=== Begin Enclosure ===

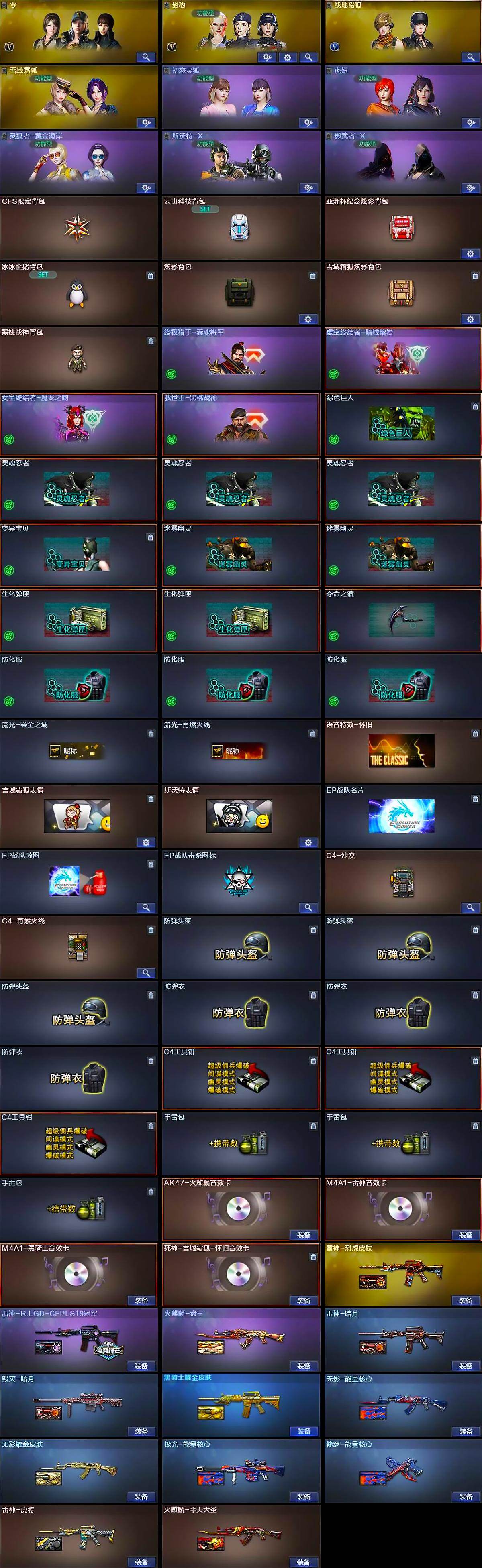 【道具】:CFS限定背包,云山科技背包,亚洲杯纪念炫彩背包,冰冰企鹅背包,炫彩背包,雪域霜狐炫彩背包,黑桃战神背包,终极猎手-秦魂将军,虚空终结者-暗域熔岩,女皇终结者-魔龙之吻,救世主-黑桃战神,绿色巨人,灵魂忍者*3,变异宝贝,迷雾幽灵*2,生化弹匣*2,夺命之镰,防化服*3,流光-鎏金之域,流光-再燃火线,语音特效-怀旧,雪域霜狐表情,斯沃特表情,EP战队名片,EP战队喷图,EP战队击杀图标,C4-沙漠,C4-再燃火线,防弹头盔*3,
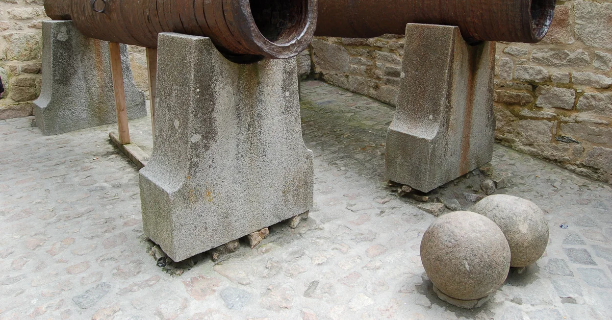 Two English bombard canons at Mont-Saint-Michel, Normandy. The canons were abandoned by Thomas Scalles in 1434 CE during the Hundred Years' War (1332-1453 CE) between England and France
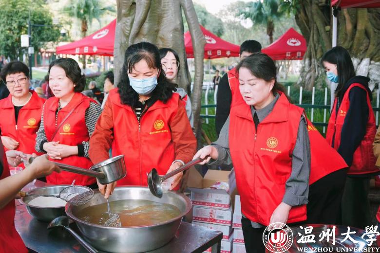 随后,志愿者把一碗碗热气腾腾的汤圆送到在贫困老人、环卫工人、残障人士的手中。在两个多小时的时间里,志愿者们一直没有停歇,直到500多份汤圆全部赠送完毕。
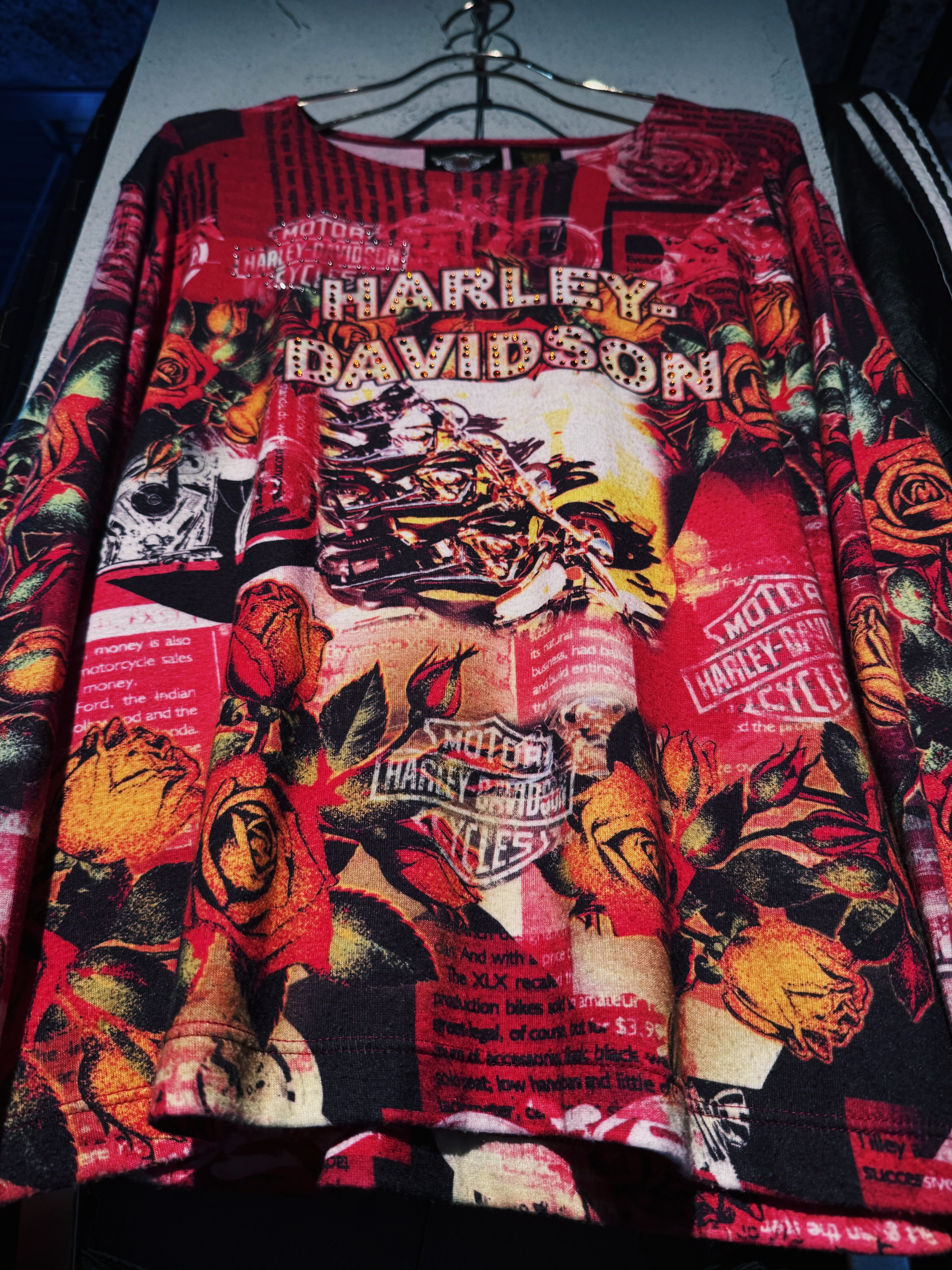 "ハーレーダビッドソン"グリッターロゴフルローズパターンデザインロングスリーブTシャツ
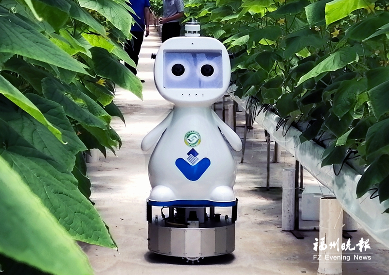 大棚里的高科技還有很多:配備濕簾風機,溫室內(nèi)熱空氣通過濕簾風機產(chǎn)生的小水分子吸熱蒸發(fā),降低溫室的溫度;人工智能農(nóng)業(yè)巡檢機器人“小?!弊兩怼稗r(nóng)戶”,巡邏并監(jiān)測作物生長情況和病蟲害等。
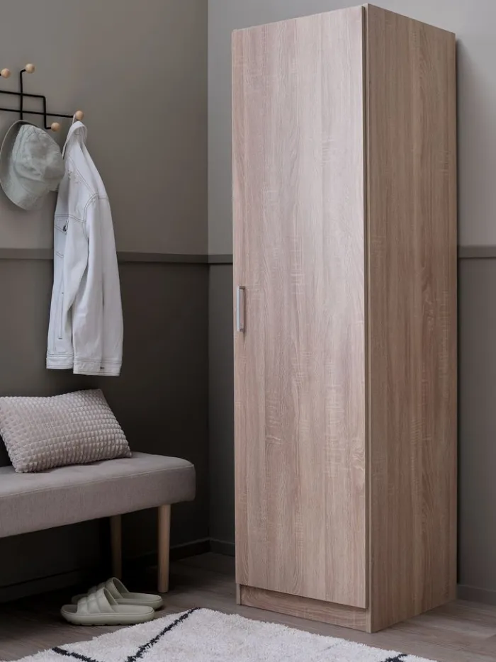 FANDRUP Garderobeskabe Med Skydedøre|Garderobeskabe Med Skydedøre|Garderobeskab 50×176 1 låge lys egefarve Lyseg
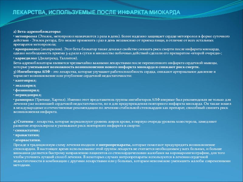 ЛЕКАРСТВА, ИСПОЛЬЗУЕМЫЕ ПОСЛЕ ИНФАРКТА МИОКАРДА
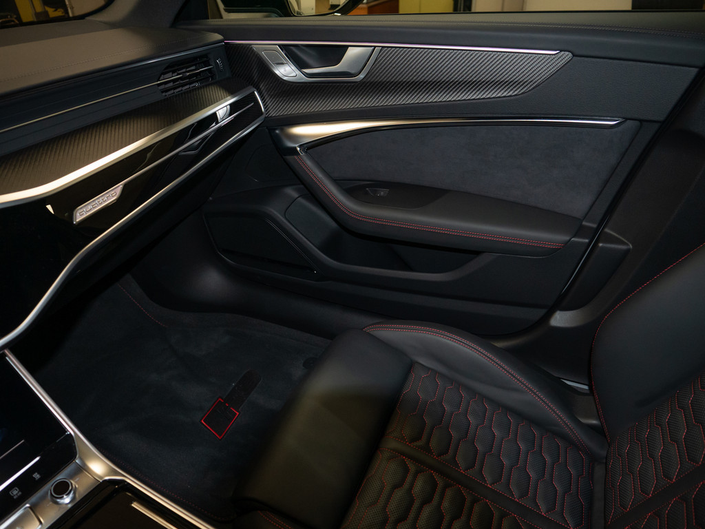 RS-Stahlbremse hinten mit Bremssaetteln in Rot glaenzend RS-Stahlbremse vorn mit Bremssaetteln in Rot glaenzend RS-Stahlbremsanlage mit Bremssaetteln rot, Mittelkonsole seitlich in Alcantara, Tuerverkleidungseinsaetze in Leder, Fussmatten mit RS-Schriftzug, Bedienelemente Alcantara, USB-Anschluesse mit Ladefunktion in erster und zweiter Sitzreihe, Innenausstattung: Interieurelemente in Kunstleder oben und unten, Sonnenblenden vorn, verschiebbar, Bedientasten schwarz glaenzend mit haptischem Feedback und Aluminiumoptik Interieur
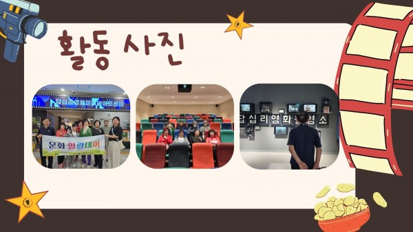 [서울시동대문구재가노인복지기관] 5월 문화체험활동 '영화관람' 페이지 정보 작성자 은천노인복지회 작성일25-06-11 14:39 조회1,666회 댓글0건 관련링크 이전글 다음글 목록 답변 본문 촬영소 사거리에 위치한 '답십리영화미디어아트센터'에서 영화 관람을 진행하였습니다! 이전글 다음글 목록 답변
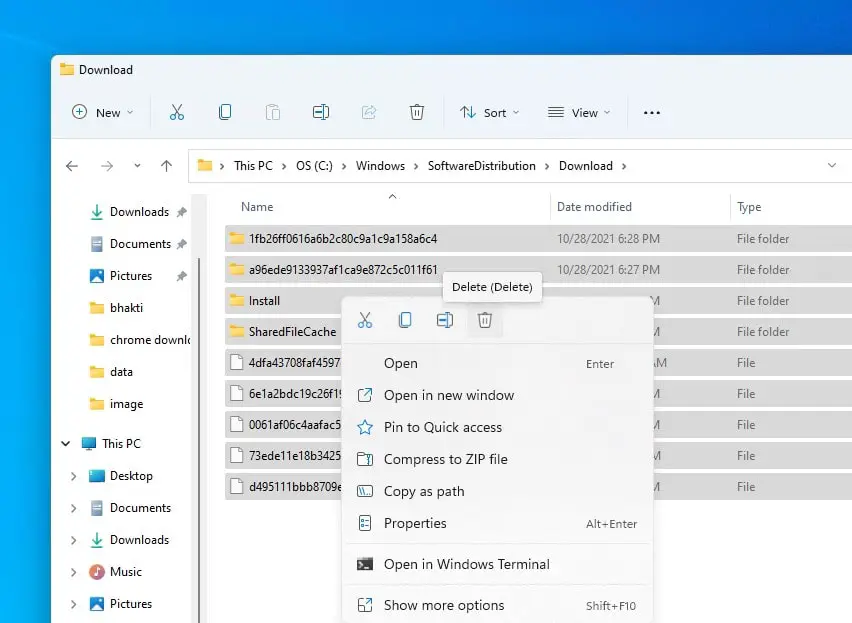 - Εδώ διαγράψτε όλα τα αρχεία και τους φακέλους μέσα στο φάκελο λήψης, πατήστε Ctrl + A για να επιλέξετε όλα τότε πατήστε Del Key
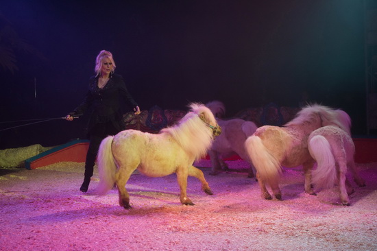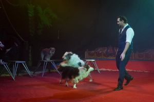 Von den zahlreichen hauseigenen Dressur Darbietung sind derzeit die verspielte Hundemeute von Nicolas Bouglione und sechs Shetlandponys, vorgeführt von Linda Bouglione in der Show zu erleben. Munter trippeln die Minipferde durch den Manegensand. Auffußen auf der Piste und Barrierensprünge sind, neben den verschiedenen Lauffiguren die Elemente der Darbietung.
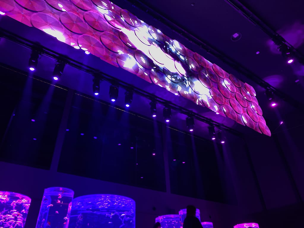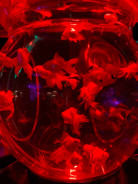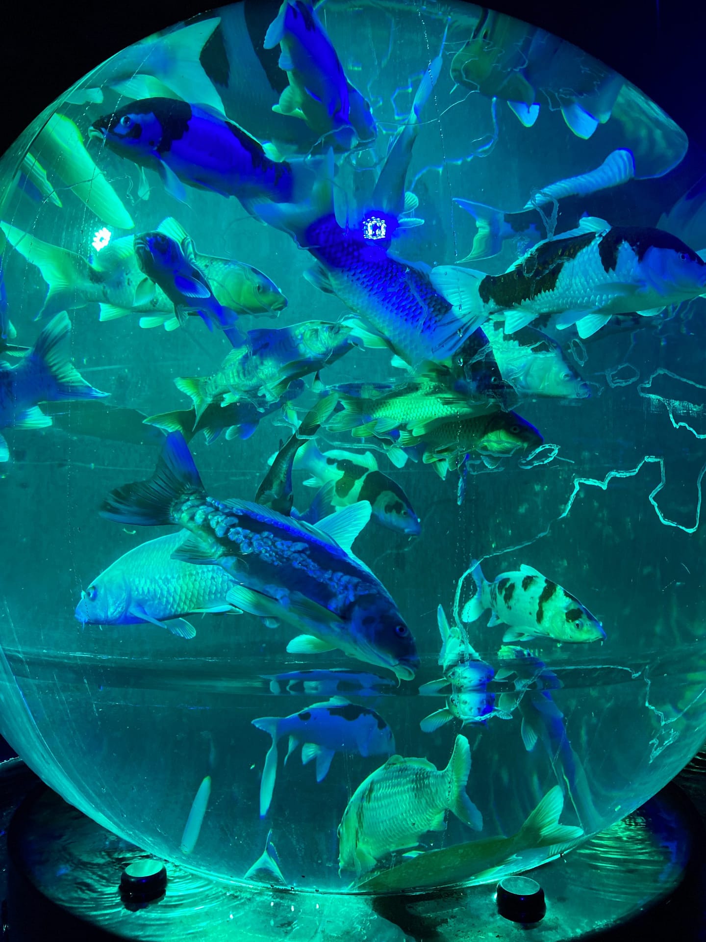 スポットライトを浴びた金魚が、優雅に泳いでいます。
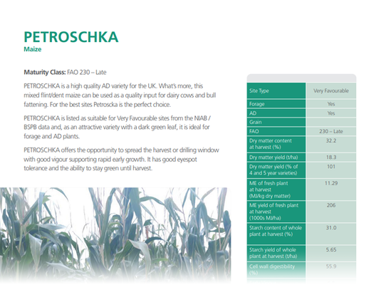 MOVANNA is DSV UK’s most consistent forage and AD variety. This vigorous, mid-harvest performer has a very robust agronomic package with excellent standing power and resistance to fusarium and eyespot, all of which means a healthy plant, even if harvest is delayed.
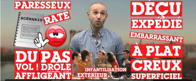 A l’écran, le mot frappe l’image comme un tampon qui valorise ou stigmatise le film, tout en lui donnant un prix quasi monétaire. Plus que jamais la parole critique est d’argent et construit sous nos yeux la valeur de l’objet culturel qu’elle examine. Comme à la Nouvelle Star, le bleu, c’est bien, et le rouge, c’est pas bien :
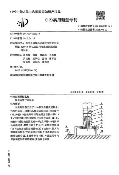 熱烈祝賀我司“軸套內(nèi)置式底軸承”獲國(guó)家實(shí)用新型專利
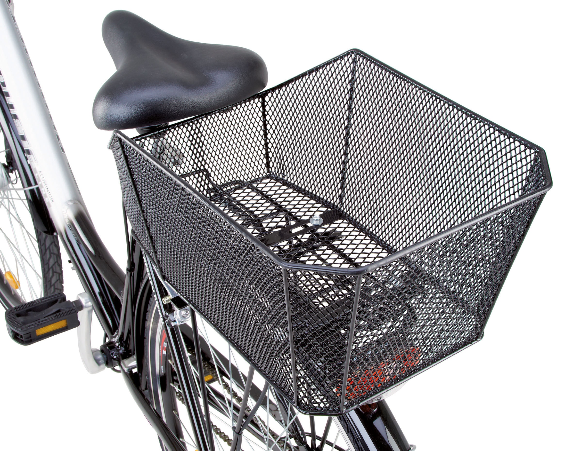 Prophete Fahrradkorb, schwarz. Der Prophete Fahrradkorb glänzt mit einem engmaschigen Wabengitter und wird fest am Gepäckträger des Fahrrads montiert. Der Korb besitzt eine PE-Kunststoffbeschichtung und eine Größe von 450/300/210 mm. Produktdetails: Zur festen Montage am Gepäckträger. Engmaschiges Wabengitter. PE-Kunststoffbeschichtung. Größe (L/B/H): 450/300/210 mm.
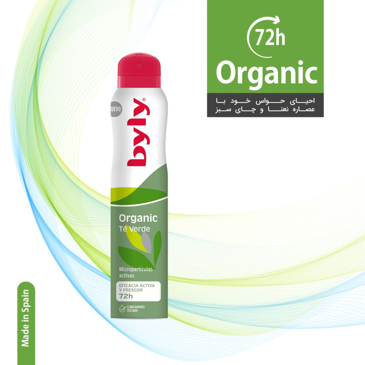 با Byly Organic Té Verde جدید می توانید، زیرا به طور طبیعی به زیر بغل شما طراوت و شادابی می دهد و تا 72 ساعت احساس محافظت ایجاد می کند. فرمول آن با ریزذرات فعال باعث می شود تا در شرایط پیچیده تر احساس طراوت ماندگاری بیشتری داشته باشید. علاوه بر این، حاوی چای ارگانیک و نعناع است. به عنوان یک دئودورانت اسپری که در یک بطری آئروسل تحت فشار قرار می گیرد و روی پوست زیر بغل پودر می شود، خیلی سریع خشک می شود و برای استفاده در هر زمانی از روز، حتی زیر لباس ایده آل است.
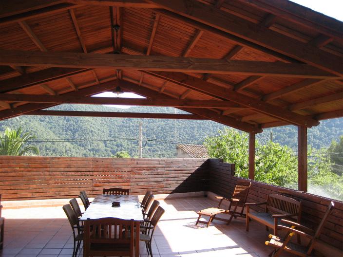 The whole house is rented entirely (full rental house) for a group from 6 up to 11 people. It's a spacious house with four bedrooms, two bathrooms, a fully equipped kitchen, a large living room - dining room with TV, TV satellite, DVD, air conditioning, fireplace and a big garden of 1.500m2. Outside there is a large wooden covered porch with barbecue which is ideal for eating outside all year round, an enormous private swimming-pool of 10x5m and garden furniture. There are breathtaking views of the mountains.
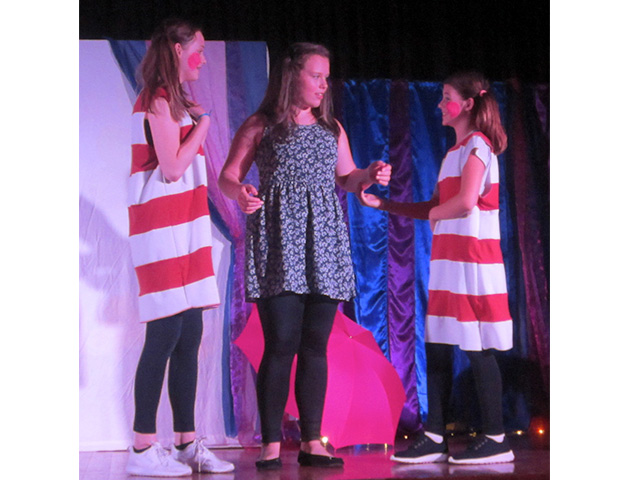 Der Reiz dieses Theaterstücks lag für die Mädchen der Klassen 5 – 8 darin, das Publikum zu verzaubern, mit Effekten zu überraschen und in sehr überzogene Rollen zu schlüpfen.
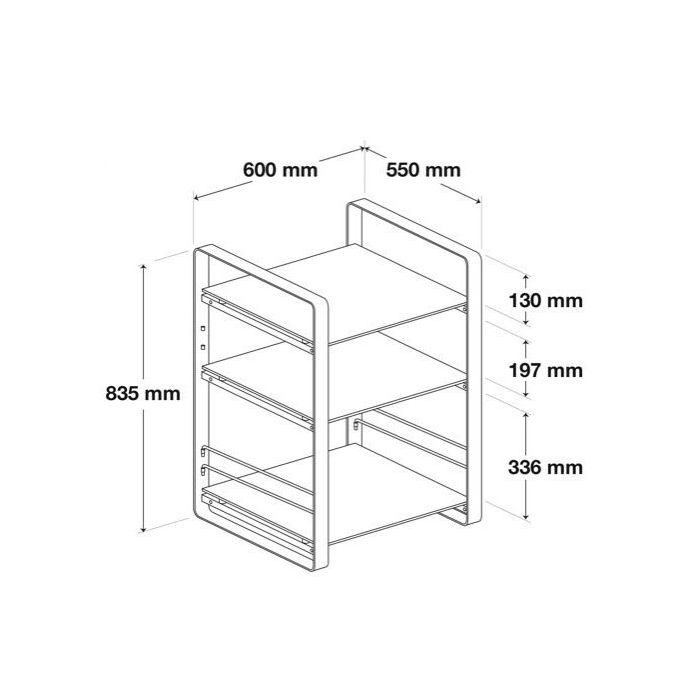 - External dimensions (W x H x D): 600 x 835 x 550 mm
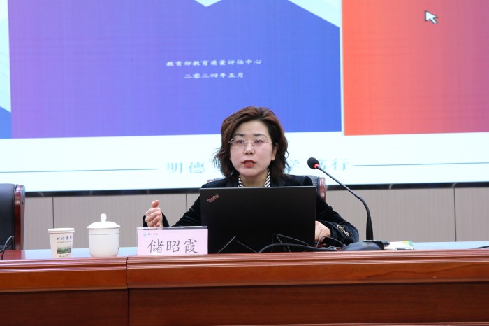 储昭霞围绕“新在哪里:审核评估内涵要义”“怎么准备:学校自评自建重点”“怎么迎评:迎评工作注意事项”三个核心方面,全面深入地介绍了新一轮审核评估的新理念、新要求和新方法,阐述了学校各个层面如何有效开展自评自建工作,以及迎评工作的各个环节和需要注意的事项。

=== End Enclosure ===

■ **Directions for this task**: A verbatim transcript of the material above, with images dropped, is the expected output.

■ **Result below**:
 【道具】:CFS限定背包,云山科技背包,亚洲杯纪念炫彩背包,冰冰企鹅背包,炫彩背包,雪域霜狐炫彩背包,黑桃战神背包,终极猎手-秦魂将军,虚空终结者-暗域熔岩,女皇终结者-魔龙之吻,救世主-黑桃战神,绿色巨人,灵魂忍者*3,变异宝贝,迷雾幽灵*2,生化弹匣*2,夺命之镰,防化服*3,流光-鎏金之域,流光-再燃火线,语音特效-怀旧,雪域霜狐表情,斯沃特表情,EP战队名片,EP战队喷图,EP战队击杀图标,C4-沙漠,C4-再燃火线,防弹头盔*3,
 Two English bombard canons at Mont-Saint-Michel, Normandy. The canons were abandoned by Thomas Scalles in 1434 CE during the Hundred Years' War (1332-1453 CE) between England and France
 随后,志愿者把一碗碗热气腾腾的汤圆送到在贫困老人、环卫工人、残障人士的手中。在两个多小时的时间里,志愿者们一直没有停歇,直到500多份汤圆全部赠送完毕。
 "ハーレーダビッドソン"グリッターロゴフルローズパターンデザインロングスリーブTシャツ
 大棚里的高科技還有很多:配備濕簾風機,溫室內(nèi)熱空氣通過濕簾風機產(chǎn)生的小水分子吸熱蒸發(fā),降低溫室的溫度;人工智能農(nóng)業(yè)巡檢機器人“小?!弊兩怼稗r(nóng)戶”,巡邏并監(jiān)測作物生長情況和病蟲害等。
 FANDRUP Garderobeskabe Med Skydedøre|Garderobeskabe Med Skydedøre|Garderobeskab 50×176 1 låge lys egefarve Lyseg
 ЛЕКАРСТВА, ИСПОЛЬЗУЕМЫЕ ПОСЛЕ ИНФАРКТА МИОКАРДА
 RS-Stahlbremse hinten mit Bremssaetteln in Rot glaenzend RS-Stahlbremse vorn mit Bremssaetteln in Rot glaenzend RS-Stahlbremsanlage mit Bremssaetteln rot, Mittelkonsole seitlich in Alcantara, Tuerverkleidungseinsaetze in Leder, Fussmatten mit RS-Schriftzug, Bedienelemente Alcantara, USB-Anschluesse mit Ladefunktion in erster und zweiter Sitzreihe, Innenausstattung: Interieurelemente in Kunstleder oben und unten, Sonnenblenden vorn, verschiebbar, Bedientasten schwarz glaenzend mit haptischem Feedback und Aluminiumoptik Interieur
 [서울시동대문구재가노인복지기관] 5월 문화체험활동 '영화관람' 페이지 정보 작성자 은천노인복지회 작성일25-06-11 14:39 조회1,666회 댓글0건 관련링크 이전글 다음글 목록 답변 본문 촬영소 사거리에 위치한 '답십리영화미디어아트센터'에서 영화 관람을 진행하였습니다! 이전글 다음글 목록 답변
 - Εδώ διαγράψτε όλα τα αρχεία και τους φακέλους μέσα στο φάκελο λήψης, πατήστε Ctrl + A για να επιλέξετε όλα τότε πατήστε Del Key
 Von den zahlreichen hauseigenen Dressur Darbietung sind derzeit die verspielte Hundemeute von Nicolas Bouglione und sechs Shetlandponys, vorgeführt von Linda Bouglione in der Show zu erleben. Munter trippeln die Minipferde durch den Manegensand. Auffußen auf der Piste und Barrierensprünge sind, neben den verschiedenen Lauffiguren die Elemente der Darbietung.
 スポットライトを浴びた金魚が、優雅に泳いでいます。
 MOVANNA is DSV UK’s most consistent forage and AD variety. This vigorous, mid-harvest performer has a very robust agronomic package with excellent standing power and resistance to fusarium and eyespot, all of which means a healthy plant, even if harvest is delayed.
 A l’écran, le mot frappe l’image comme un tampon qui valorise ou stigmatise le film, tout en lui donnant un prix quasi monétaire. Plus que jamais la parole critique est d’argent et construit sous nos yeux la valeur de l’objet culturel qu’elle examine. Comme à la Nouvelle Star, le bleu, c’est bien, et le rouge, c’est pas bien :
 熱烈祝賀我司“軸套內(nèi)置式底軸承”獲國(guó)家實(shí)用新型專利
 Prophete Fahrradkorb, schwarz. Der Prophete Fahrradkorb glänzt mit einem engmaschigen Wabengitter und wird fest am Gepäckträger des Fahrrads montiert. Der Korb besitzt eine PE-Kunststoffbeschichtung und eine Größe von 450/300/210 mm. Produktdetails: Zur festen Montage am Gepäckträger. Engmaschiges Wabengitter. PE-Kunststoffbeschichtung. Größe (L/B/H): 450/300/210 mm.
 با Byly Organic Té Verde جدید می توانید، زیرا به طور طبیعی به زیر بغل شما طراوت و شادابی می دهد و تا 72 ساعت احساس محافظت ایجاد می کند. فرمول آن با ریزذرات فعال باعث می شود تا در شرایط پیچیده تر احساس طراوت ماندگاری بیشتری داشته باشید. علاوه بر این، حاوی چای ارگانیک و نعناع است. به عنوان یک دئودورانت اسپری که در یک بطری آئروسل تحت فشار قرار می گیرد و روی پوست زیر بغل پودر می شود، خیلی سریع خشک می شود و برای استفاده در هر زمانی از روز، حتی زیر لباس ایده آل است.
 The whole house is rented entirely (full rental house) for a group from 6 up to 11 people. It's a spacious house with four bedrooms, two bathrooms, a fully equipped kitchen, a large living room - dining room with TV, TV satellite, DVD, air conditioning, fireplace and a big garden of 1.500m2. Outside there is a large wooden covered porch with barbecue which is ideal for eating outside all year round, an enormous private swimming-pool of 10x5m and garden furniture. There are breathtaking views of the mountains.
 Der Reiz dieses Theaterstücks lag für die Mädchen der Klassen 5 – 8 darin, das Publikum zu verzaubern, mit Effekten zu überraschen und in sehr überzogene Rollen zu schlüpfen.
 - External dimensions (W x H x D): 600 x 835 x 550 mm
 储昭霞围绕“新在哪里:审核评估内涵要义”“怎么准备:学校自评自建重点”“怎么迎评:迎评工作注意事项”三个核心方面,全面深入地介绍了新一轮审核评估的新理念、新要求和新方法,阐述了学校各个层面如何有效开展自评自建工作,以及迎评工作的各个环节和需要注意的事项。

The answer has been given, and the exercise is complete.